No public first-party source from OpenAI, Anthropic, Google, Microsoft, or Perplexity discloses a browsable feed of real user prompts. Query fan-out and prompt rewriting are real and partly observable through the API. The best defensible workflow is a proxy built from public search demand, labelled as one.

No public source shows that anyone has comprehensive access to platform-wide AI chatbot prompt logs. Query fan-out and prompt rewriting are real and partly observable. Public search demand is the strongest documented proxy for likely chatbot intent. The defensible workflow is a proxy system built from public signals, usage research, and controlled API runs. It should be labelled as a proxy, not sold as a feed. This article separates what is provable from what is asserted, and treats the gap as a measurement-ethics question.

The category's prompt-tracking claims need disambiguation, not denial

AI visibility vendors say they track the prompts that matter for a brand. The implicit promise is visibility into what real users type into ChatGPT, Perplexity, and Gemini. The actual mechanism behind that promise is rarely disclosed in the pitch.

Some vendors are explicit about the limit in their own documentation. Otterly's help content recommends building a prompt set from brand terms, domains, industries, URLs, and SEO keywords Otterly AI · 2024. That is a construction method, not a feed of observed user prompts. Peec's onboarding documentation describes the same shape of workflow, where the customer supplies the inputs the tool then runs Peec AI · 2024.

The question is not whether prompt tracking is fraudulent. It is what the word "track" is doing. A vendor that builds a prompt set from public inputs is doing useful work. A vendor that implies it reads live user conversations is making a claim public evidence does not support.

No public source shows comprehensive access to real chatbot prompts

The strongest defensible statement here is bounded, not absolute. No public first-party source from OpenAI, Anthropic, Google, Microsoft, or Perplexity discloses a browsable feed of real user prompts. The phrasing matters: no public evidence reviewed here shows such a feed exists, which is different from claiming no non-public data exists anywhere.

The first-party documentation that does exist describes mechanisms, not dumps. OpenAI's help content explains how ChatGPT Search behaves for a user, without exposing other users' queries OpenAI · 2024. The web-search API documentation describes what a caller can observe from their own requests, not a global query stream OpenAI · 2025. Otterly confirms the gap from the other side. Its help content states there is no way to learn which prompts are most asked at ChatGPT or Perplexity Otterly AI · 2024.

Any vendor implying platform-wide prompt visibility is asserting something past the public record.
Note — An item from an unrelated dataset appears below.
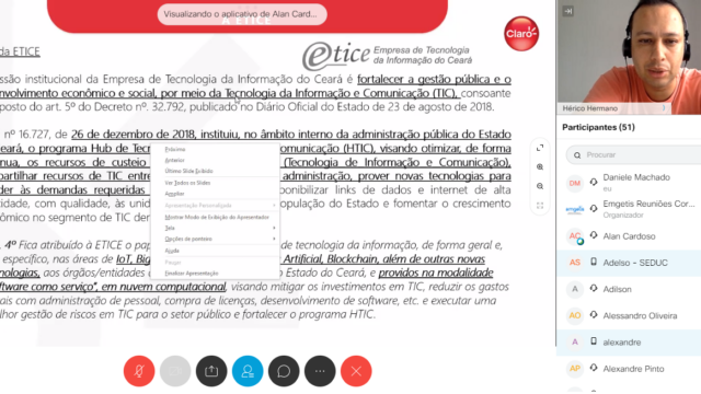 As apresentações tiveram continuidade com a apresentação do case da Etice, feita pelo gerente de Desenvolvimento de Negócios de Soluções Digitais da Claro, Herico Hermano, e do gerente de Consultoria e Inovação em Cyber Segurança da Embratel, Yanis Stoyannis, que apresentou e tirou dúvidas dos participantes sobre a Lei Geral de Proteção de Dados Pessoais (LGPD).

The honest position is the bounded one.

Four first-party findings are actually proven

Four findings from primary sources support a real but limited workflow. Each is documented by the platform itself, which puts it on firmer ground than vendor inference.

The first is search expansion. Google documents that the Trends Explore page uses Gemini to expand a seed topic into up to eight related terms and rising queries Google · 2025. This is first-party proof that public search behaviour can be expanded into an adjacent-intent neighbourhood. The second is intent classification. OpenAI's usage research classifies consumer conversations into roughly 49% Asking, 40% Doing, and 11% Expressing Chatterji et al. · NBER / OpenAI / Harvard University · 2025. The taxonomy is published in both the research paper and OpenAI's summary OpenAI · 2025.

The third finding is prompt rewriting. OpenAI documents that ChatGPT Search rewrites a user query into one or more targeted queries. It may send additional, more specific queries after reviewing initial results OpenAI · 2024. Fan-out behaviour is real inside a production chatbot search system. The fourth is partial observability. The web-search API states that the call output will usually, but not always, include the search queries that were run OpenAI · 2025. The sources field can reveal the URLs consulted. Some fan-out is visible to an API caller; not all of it is.

Fan-out is a measurable mechanism, even when the queries stay hidden

Query fan-out is the step where one user question becomes several targeted sub-queries. A user types a single question. The system rewrites it into more specific queries, runs them, and may issue further queries after seeing early results OpenAI · 2024. Some of those sub-queries are observable through the API output; many are not OpenAI · 2025.

The mechanism has measurable consequences even where the specific queries stay hidden. Pages ranking for fan-out sub-queries are 161% more likely to be cited than pages ranking only for the main query Search Engine Land · 2025. Fan-out lives inside the wider retrieval pipeline, and the citation effect is the part a brand team can act on.

Fan-out also has documented quirks that affect any reconstruction. ChatGPT Search has been observed switching to English in its fan-out queries even when the user prompts in another language Search Engine Journal · 2025. A tool that surfaces fan-out queries does so from observable signals, not from a privileged feed Ahrefs · 2025.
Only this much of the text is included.